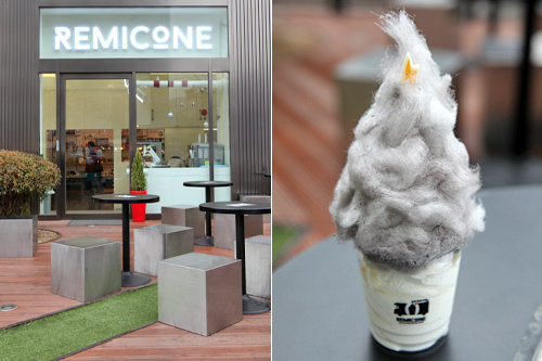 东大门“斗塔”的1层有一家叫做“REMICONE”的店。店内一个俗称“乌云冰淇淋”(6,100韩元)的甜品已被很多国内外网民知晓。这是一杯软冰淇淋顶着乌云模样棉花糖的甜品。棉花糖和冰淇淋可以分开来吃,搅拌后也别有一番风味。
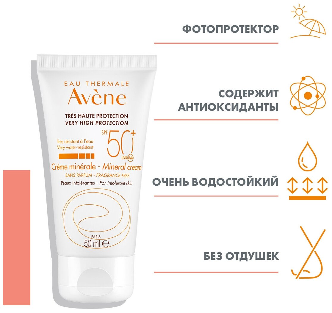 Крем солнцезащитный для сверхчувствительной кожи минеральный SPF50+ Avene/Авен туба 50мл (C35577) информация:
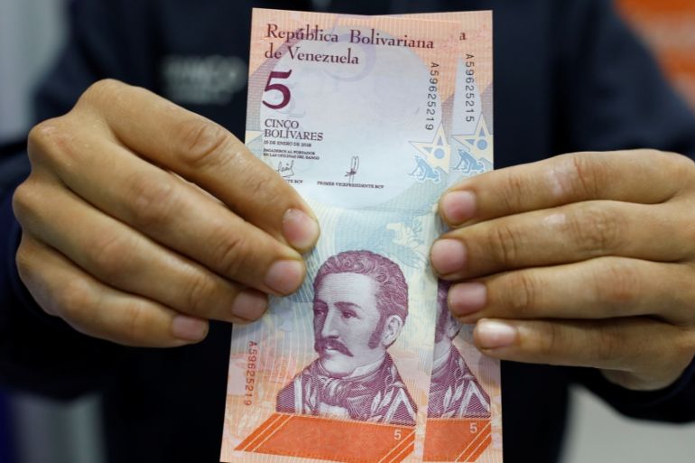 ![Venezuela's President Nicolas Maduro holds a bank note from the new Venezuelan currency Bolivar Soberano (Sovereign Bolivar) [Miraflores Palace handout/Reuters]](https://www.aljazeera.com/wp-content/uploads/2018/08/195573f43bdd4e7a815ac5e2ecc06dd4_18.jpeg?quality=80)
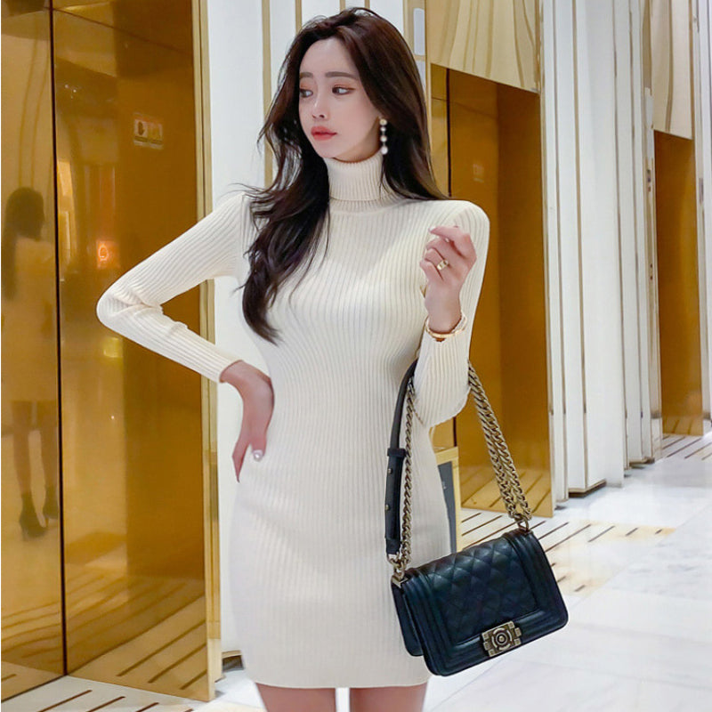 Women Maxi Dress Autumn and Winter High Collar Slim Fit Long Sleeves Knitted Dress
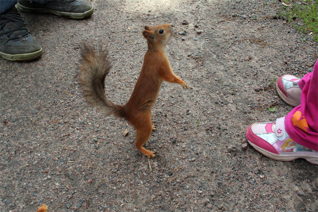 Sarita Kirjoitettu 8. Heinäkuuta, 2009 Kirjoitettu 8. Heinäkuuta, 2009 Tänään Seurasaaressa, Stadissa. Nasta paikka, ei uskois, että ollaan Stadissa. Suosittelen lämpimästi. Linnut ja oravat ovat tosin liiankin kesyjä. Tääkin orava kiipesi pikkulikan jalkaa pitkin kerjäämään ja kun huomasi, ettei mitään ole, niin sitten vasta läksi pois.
------
=== TASK DESCRIPTION ===
Skip the pictures and retype exactly the lines from the one that contains "Крем солнцезащитный для" to the last line of the records.

=== WRITTEN RESPONSE ===
 Крем солнцезащитный для сверхчувствительной кожи минеральный SPF50+ Avene/Авен туба 50мл (C35577) информация:
 ![Venezuela's President Nicolas Maduro holds a bank note from the new Venezuelan currency Bolivar Soberano (Sovereign Bolivar) [Miraflores Palace handout/Reuters]](https://www.aljazeera.com/wp-content/uploads/2018/08/195573f43bdd4e7a815ac5e2ecc06dd4_18.jpeg?quality=80)
 Women Maxi Dress Autumn and Winter High Collar Slim Fit Long Sleeves Knitted Dress
 Sarita Kirjoitettu 8. Heinäkuuta, 2009 Kirjoitettu 8. Heinäkuuta, 2009 Tänään Seurasaaressa, Stadissa. Nasta paikka, ei uskois, että ollaan Stadissa. Suosittelen lämpimästi. Linnut ja oravat ovat tosin liiankin kesyjä. Tääkin orava kiipesi pikkulikan jalkaa pitkin kerjäämään ja kun huomasi, ettei mitään ole, niin sitten vasta läksi pois.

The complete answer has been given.